Странные сны снились мне в тростниковой хижине.

Снился мне Североград и североградский аэропорт. Снился черный мокрый асфальт и серый «Москвич», на крутом повороте вылетающий с шоссе на обочину. Снился Хачинск, хапы, расчищающие засыпанные снегом улицы, и бетонное здание института, мрачным великаном нависшее над одноэтажными деревенскими домиками с трогательными резными наличниками и допотопными крылечками, на которых так славно сидеть теплым летним вечером. Снился Сашка Виллер, возвращавший мне желтую папку со словами: «Я бы на твоем месте этот труд уничтожил». Чудак! Уничтожить то, во что вложена жизнь! Да лучше самому умереть!

И снова я видел черный мокрый асфальт североградского шоссе и мчащийся по нему серый «Москвич». Но теперь я уже не смотрел на него со стороны, а сам сидел в нем. И водитель – элегантно одетый мужчина с широкими, словно налепленными черными усами – смеялся: «Разве это скорость? Не было бы дождя, я бы показал настоящий класс!» Я пытался его остановить и образумить, но он не слушал меня: «Подумаешь, разобьемся! Подумаешь, больница! А что ваши папки, кому они нужны? Может, и лучше, если они сгорят в машине? Разработки-то ваши – это же, согласитесь, отменная мерзость! Или еще не насмотрелись на Лабиринт?» И голос его был удивительно похож на голос Сашки, единственного человека, знающего, что теоретическая часть моей работы закончена, а монтаж установки может быть завершен через месяц-два…
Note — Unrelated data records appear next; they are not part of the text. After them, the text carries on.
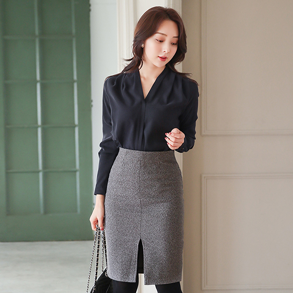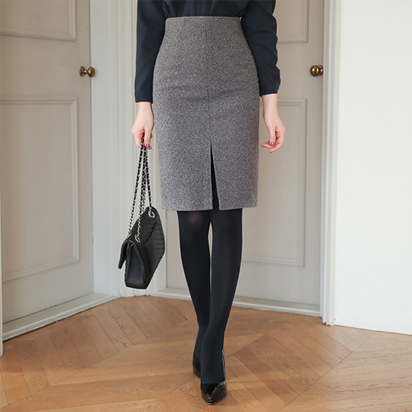 拉绒 格子 开衩 H字型 裙子
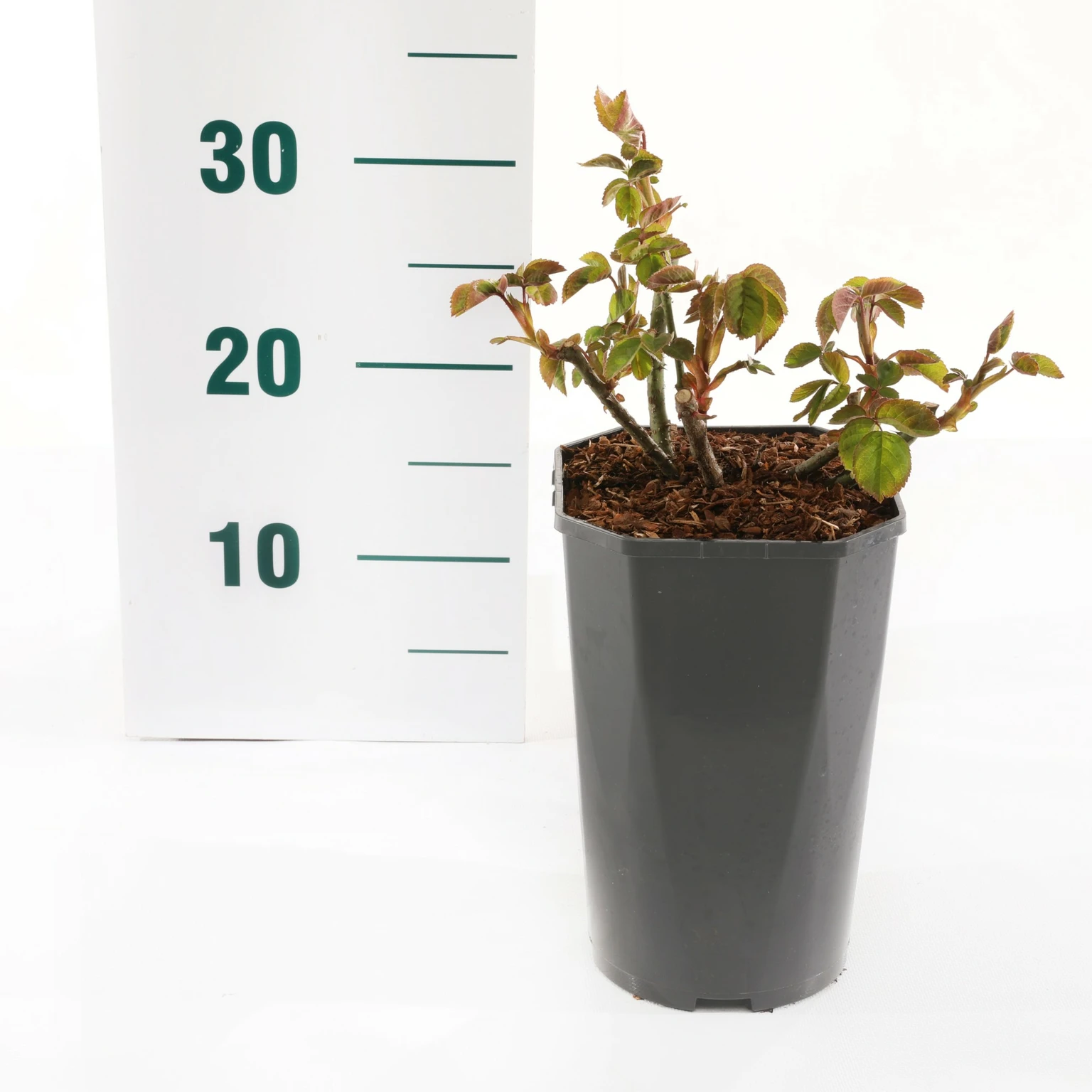 - Verwijder de plastic pot van de roos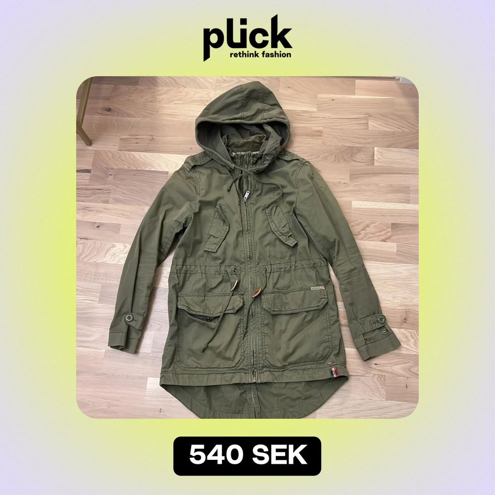 Säljer en snygg grön parkajacka från Hilfiger Denim i storlek XS. Jackan har en praktisk huva och flera fickor med knappar. Perfekt för höst och vår, med en dragkedja framtill och justerbara ärmslut. Superbra skick och redo för nya äventyr! 🍂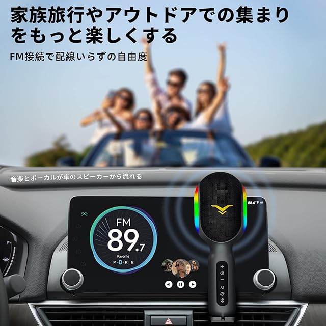 カラオケマイク 【新登場・一台5役】Bluetooth ブルートゥースワイヤレスマイク LEDライト付き 伴奏機能付き 4つのサウンドエフェクト 録音可能 音楽再生 FM接続で車内デュエットも可能 2500mAh大容量 Android/iPhone/ipad/ipods対応 家庭用 カラオケ/自宅/パーティー/カー/アウトドア/誕生日/祝い事/日本語取扱い説明書 | primer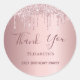 Un autocollant pour une fête d'anniversaire girly et glamour de 21e (ou tout âge). Un rose poussiéreux, un arrière - plan à l'aspect métallique rose avec des gouttes de parties scintillant imitant, la peinture goutte à goutte. Le texte : le Merci est écrit en or rose foncé avec un grand script de style à la main moderne.

Где-то рядом мерно гудело море, и я никак не мог взять в толк, откуда оно взялось в Северограде? И почему никак не наступит утро, когда я смогу наконец сделать на конференции доклад и обнародовать мои исследования. Я шарил рукой в поисках портфеля, где лежали два экземпляра моего труда, но каждый раз натыкался на кувшин. Тяжелый, глиняный вероятно, кувшин с грубыми, шероховатыми, как наждак, стенками. Открывал глаза и видел тростниковые стены хижины, конусом сходящиеся надо мной.

* * *

– Меня зовут Тайши, – сказала женщина, сидящая у меня в изголовье. – Я купила тебя за девять циновок, и теперь ты мой муж.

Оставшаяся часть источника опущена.